- **HOW TO COMPLETE THIS TASK**: Lines from the one containing "江苏鸿泰钢铁有限公司9061434上海咏鑫实业有限公司" through the final line of the data, restated word for word and free of pictures, make up the whole answer.

- **DATA SECTION**:
= = = =
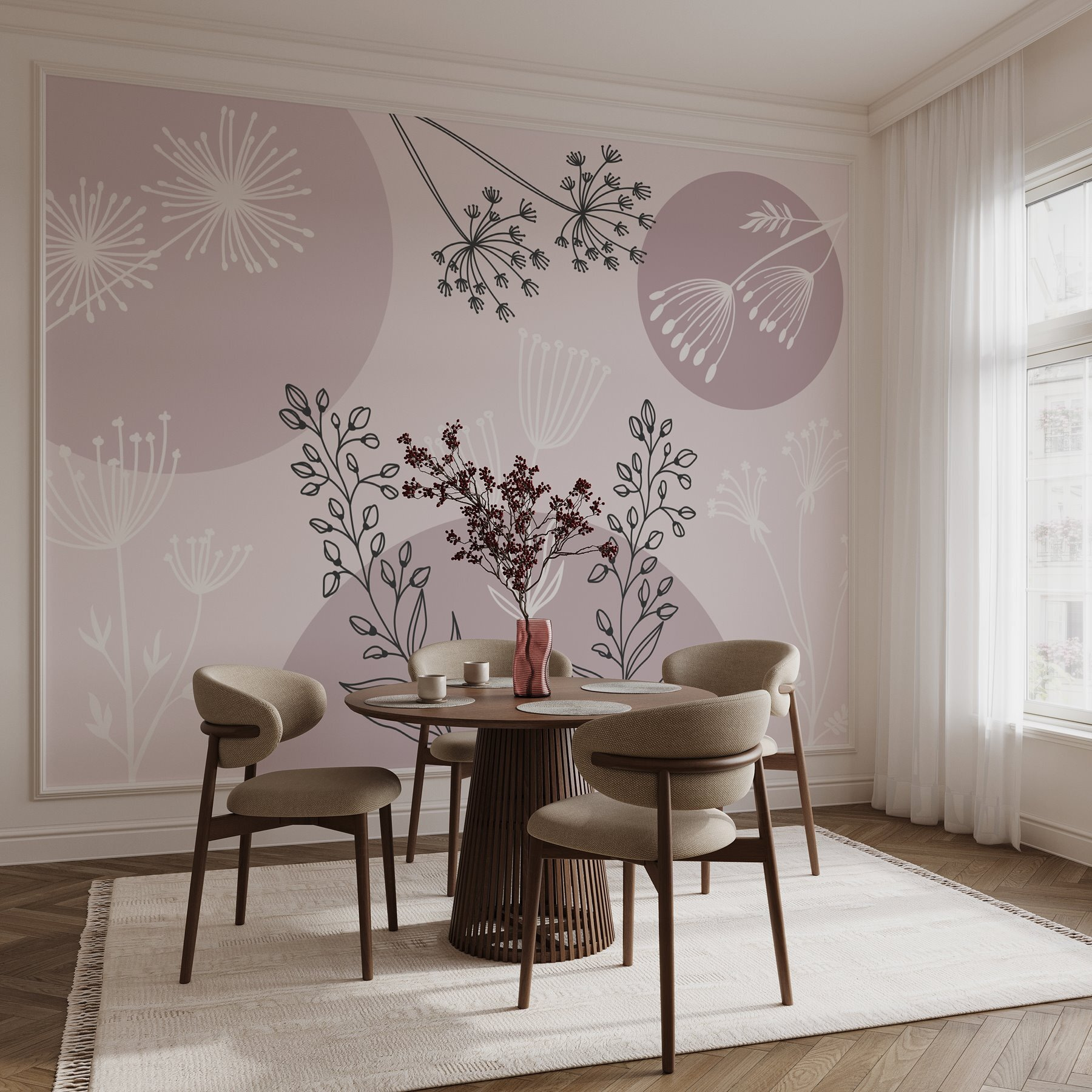 Transform a mundane wall into a blooming paradise with this delightful mural featuring whimsical flowers and lush plants. Imagine walking into a room that feels like a serene garden retreat—no gardening gloves required! The soft watercolor hues dance playfully across the surface, inviting anyone who enters to pause and breathe deeply. It’s the kind of backdrop that makes even Monday mornings feel a bit brighter. Perfect for any space longing for a touch of nature, this mural effortlessly conveys warmth and calm, helping to create that cozy vibe everyone craves. Add a touch of nature to your home without the need for a green thumb!
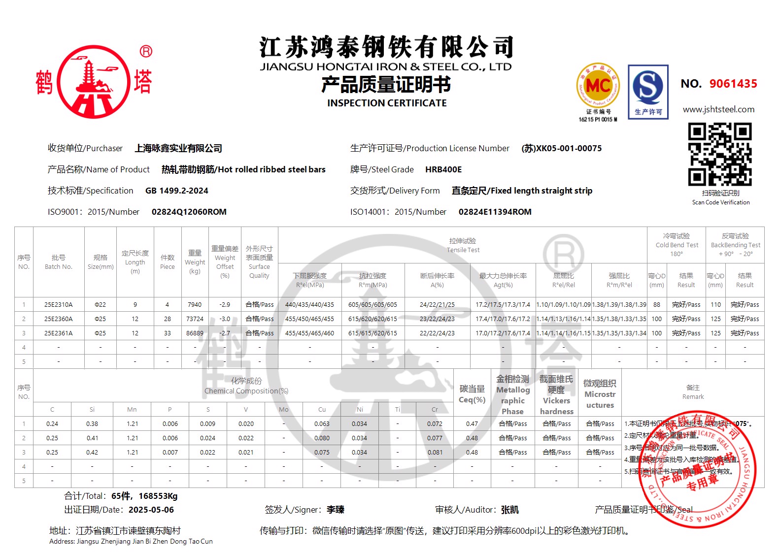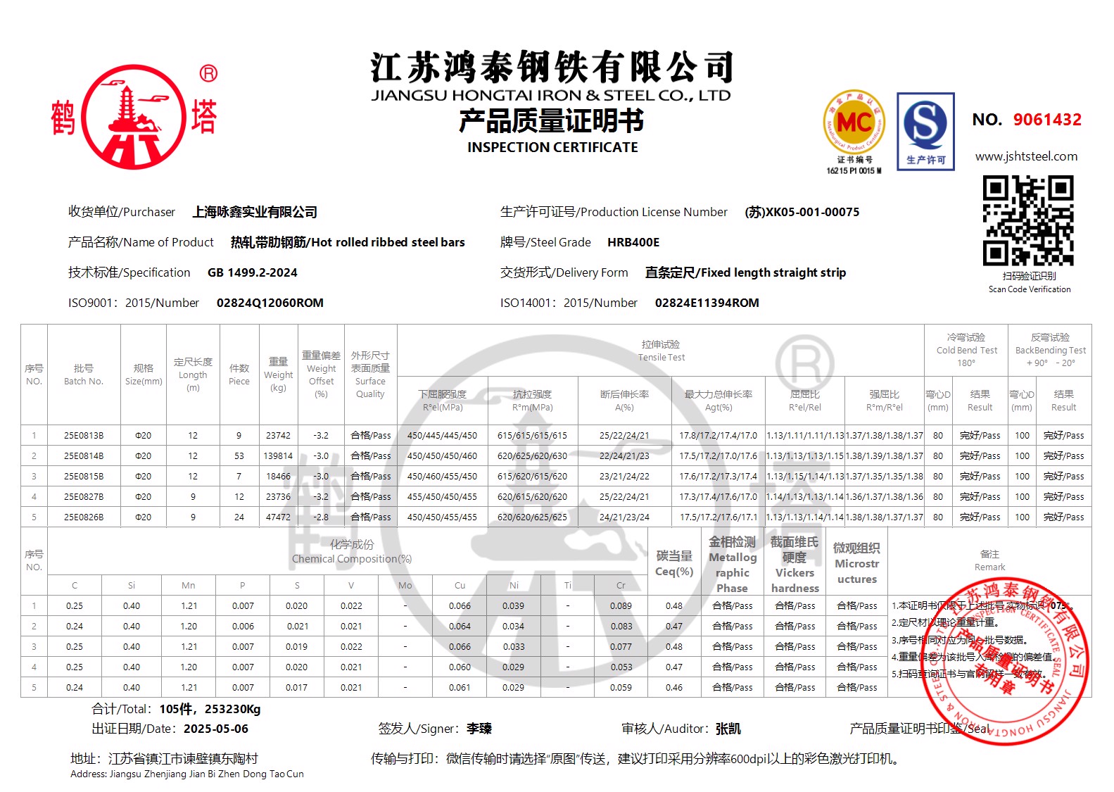 江苏鸿泰钢铁有限公司9061434上海咏鑫实业有限公司
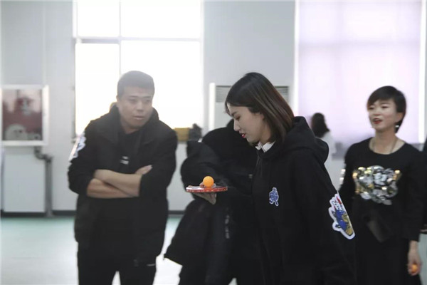在比賽中隊(duì)友們相互鼓勵(lì),相互配合。乒乓球接力不僅考驗(yàn)隊(duì)員的速度、耐心,更考驗(yàn)著隊(duì)員們團(tuán)結(jié)協(xié)作的能力,以及彼此的默契程度?,F(xiàn)場游戲活動(dòng)中,比賽氣氛和諧快樂,大家都被簡單的互動(dòng)游戲所感染,一陣陣吶喊助威聲從運(yùn)動(dòng)場上傳來。
= = = =
- **TASK RESPONSE**:
 江苏鸿泰钢铁有限公司9061434上海咏鑫实业有限公司
在比賽中隊(duì)友們相互鼓勵(lì),相互配合。乒乓球接力不僅考驗(yàn)隊(duì)員的速度、耐心,更考驗(yàn)著隊(duì)員們團(tuán)結(jié)協(xié)作的能力,以及彼此的默契程度?,F(xiàn)場游戲活動(dòng)中,比賽氣氛和諧快樂,大家都被簡單的互動(dòng)游戲所感染,一陣陣吶喊助威聲從運(yùn)動(dòng)場上傳來。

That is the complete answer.